Das SG hat den mit der Klage angefochtenen Aufhebungsbescheid aufgehoben (Urteil v. 18.1.2016). Es hat ausgeführt, die Urlaubsabgeltungen seien kein rentenschädlicher Hinzuverdienst, weil sie kein Arbeitsentgelt "aus einer Beschäftigung" im Sinne von § 96a
Abs. 1 Satz 2
SGB IV darstellten.
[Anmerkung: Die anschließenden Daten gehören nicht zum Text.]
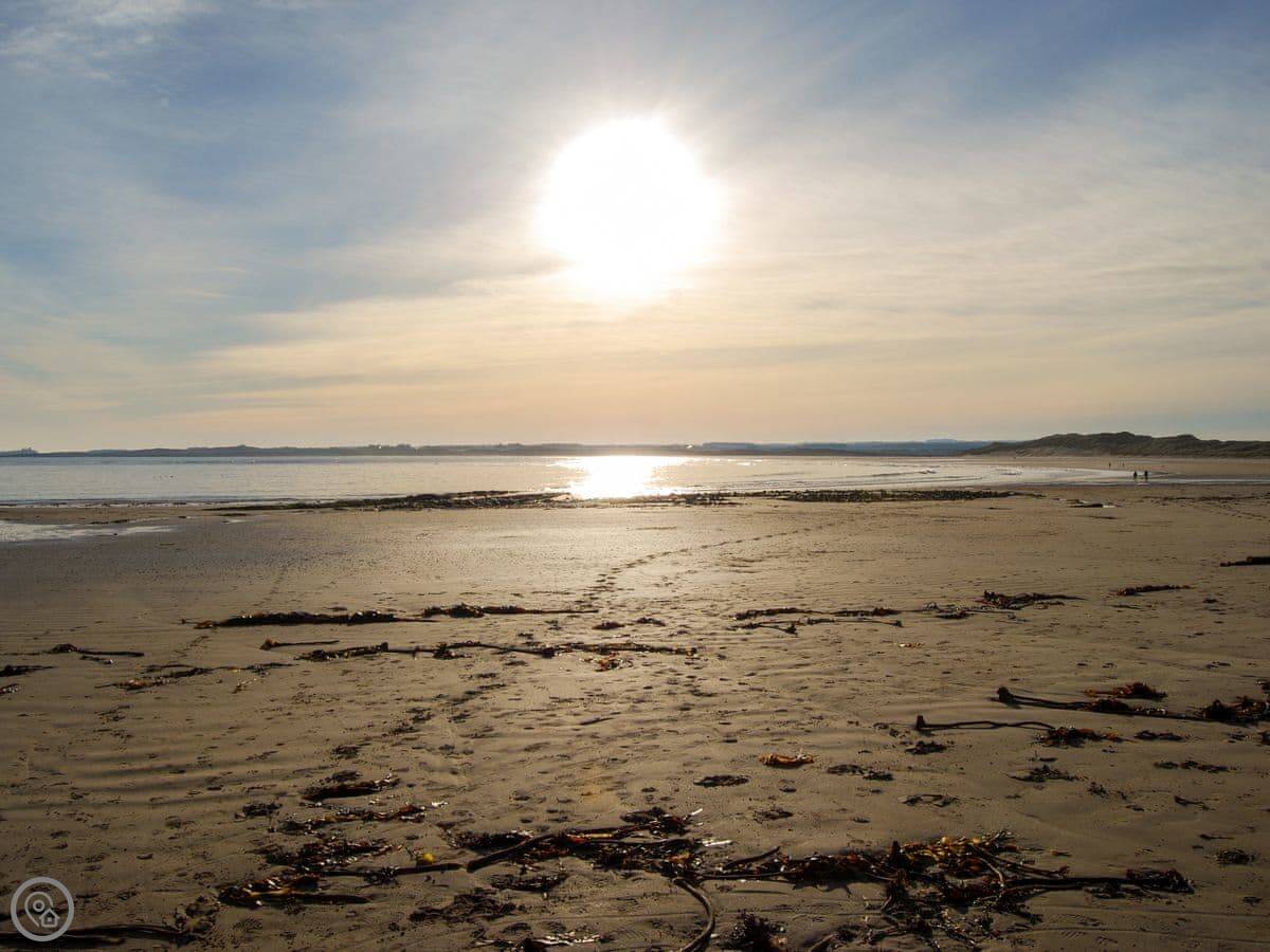 Bamburgh is about five miles up the coast. The castle is very big. You can see it for miles. You can also see Lindisfarne, or Holy Island, from the beach here when the tide's out.

Der Begriff der "Beschäftigung" entspreche demjenigen des § 7 Sozialgesetzbuch Viertes Buch (
SGB IV), und zwar im leistungsrechtlichen Sinne (Hinweis auf
BSG, Urteile v. 17.10.2012, B 13 R 85/11 R und B 13 R 81/11 R). Ein solches Beschäftigungsverhältnis habe vorliegend schon seit 2012 nicht mehr bestanden, weil das Leistungsvermögen des Klägers aufgehoben gewesen sei und der Arbeitgeber auf seine Verfügungsbefugnis verzichtet habe.
Gegen die Nichtzulassung der Berufung im der Beklagten am 16.2.2016 zugestellten Urteil des SG richtet sich deren Beschwerde. Die Beklagte trägt vor: Die Rentenversicherungsträger hätten sich darauf verständigt, den vom SG zitierten Entscheidungen des
BSG vom 17.10.2012 nur für den Fall zu folgen, dass das Arbeitsverhältnis bereits zum Zeitpunkt des Rentenbeginns aufgrund einer arbeits- oder tarifvertraglichen Regelung geruht habe. Dagegen sei ein rechtlich weiter bestehendes Arbeitsverhältnis nicht bereits dadurch beendet, dass ein Arbeitgeber auf seine Dispositionsbefugnis verzichte oder den Arbeitnehmer von der Arbeit freistelle. Zwar habe das Landessozialgericht (
LSG) Baden-Württemberg entschieden, dass ein Beschäftigungsverhältnis im Sinne von § 96a
SGB VI bei einer andauernden Arbeitsunfähigkeit nicht vorliege. Es habe diese Frage jedoch als grundsätzlich klärungsbedürftig angesehen und daher die Revision zugelassen (
LSG Baden-Württemberg, Urteil v. 16.6.2015, L 9 R 5132/14, NZS 2015, 826; Revisionsaktenzeichen: B 13 R 21/15 R).
Der Kläger tritt der Nichtzulassungsbeschwerde entgegen. Er hält die im vorliegenden Fall entscheidungserheblichen Rechtsfragen für hinreichend höchstrichterlich geklärt.